The change to the Big East bowl relationship with the Gator and agreement with the Sun Bowl is discussed here.
This is the first time two bowls have gotten together to share conference ties.
“I don’t think there’s any doubt that if this is successful, it’s absolutely the wave of the future,” Gator Bowl president Rick Catlett said. “It’s important to us to have flexibility to create favorable matchups.”
Under the plan, each bowl may select either a Big East team or Notre Dame twice in the four-year span.
The rotation between the Big East/Notre Dame and the Big 12 is up to the bowls.
“We can select them any way we want to,” Catlett said. “Obviously, if we select a Big East team two years in a row, then we’d be in a position where we’d have to select a Big 12 team the last two years. But we could do 1-1-1-1 or 1-2-1 or 2-2.”
In all four years of the plan, the Atlantic Coast Conference will provide the opponent in the Gator Bowl and the Pacific-10 will play in the Sun.
When selecting a Big East team, both bowls will have the first pick after the league’s representative in the Bowl Championship Series is named. It is not yet determined where the Gator and Sun stand in the Big 12’s pecking order.

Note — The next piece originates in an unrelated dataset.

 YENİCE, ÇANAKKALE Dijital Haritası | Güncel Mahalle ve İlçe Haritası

The setup is important because it allows the Big East to hang onto a New Year’s Day bowl berth. The Gator Bowl will be played Jan. 1, and the Sun is set for New Year’s Eve.
“The Big East has a consistent and successful history of being unique and entrepreneurial,” Big East commissioner Mike Tranghese said.

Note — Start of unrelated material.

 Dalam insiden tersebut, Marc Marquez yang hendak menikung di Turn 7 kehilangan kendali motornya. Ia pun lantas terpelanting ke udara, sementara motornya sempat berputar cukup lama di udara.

Tranghese said the two leagues, bowls and Notre Dame “had the foresight to realize that we could accomplish more collectively than we could as individual entities, a trend that I clearly think is good for the future of college athletics.”
Catlett first proposed a sharing plan eight years ago during a meeting with conference commissioners in Atlanta. He said the Big East was interested from the start.
Part of the reason for the agreement is that the bowls were starting to see the same teams over and over in the bowls.
“Texas just finished playing in the Holiday Bowl for the third time in four years and we had West Virginia back-to-back, and it’s just nuts to do that,” Catlett said. “It’s an attempt to put new teams in and to create matchups beneficial to the games and for the fans.”
With this agreement, the Sun Bowl is upping the amount it pays out from around $1.575 million per team to $1.85 million. CBS has also renewed its TV contract to carry the bowl.
The Big East isn’t done working on the time share bowl plans. Afterall, there is still the loss of the relationship with the Insight.com Bowl to address.
Or will it? Tranghese said he’s continuing to work on ““three additional deals” and that “an announcement will be made shortly.”
Sources tell yours truly the Big East is negotiating with the Autozone Liberty Bowl in Memphis as well as the Gaylord Hotels Music Bowl in Nashville, Motor City Bowl in Detroit and, a long shot, the Champs Sports Bowl in Orlando, Fla.
If Tranghese could swing a shared deal with, say, Memphis and Charlotte, the Big East would be in fine shape. Word is the Liberty could land a deal with the Southeastern Conference.
There may an initial stigma or vagabond-esque complaint about this, but I actually kind of like the plan. If the point of continuing the bowl system was to create some match-ups not seen too often because of geography and conferences, then the system wasn’t working. This adds some real variety to it. The fact that the Big XII and some of the other BCS conferences are apparently interested and involved helps.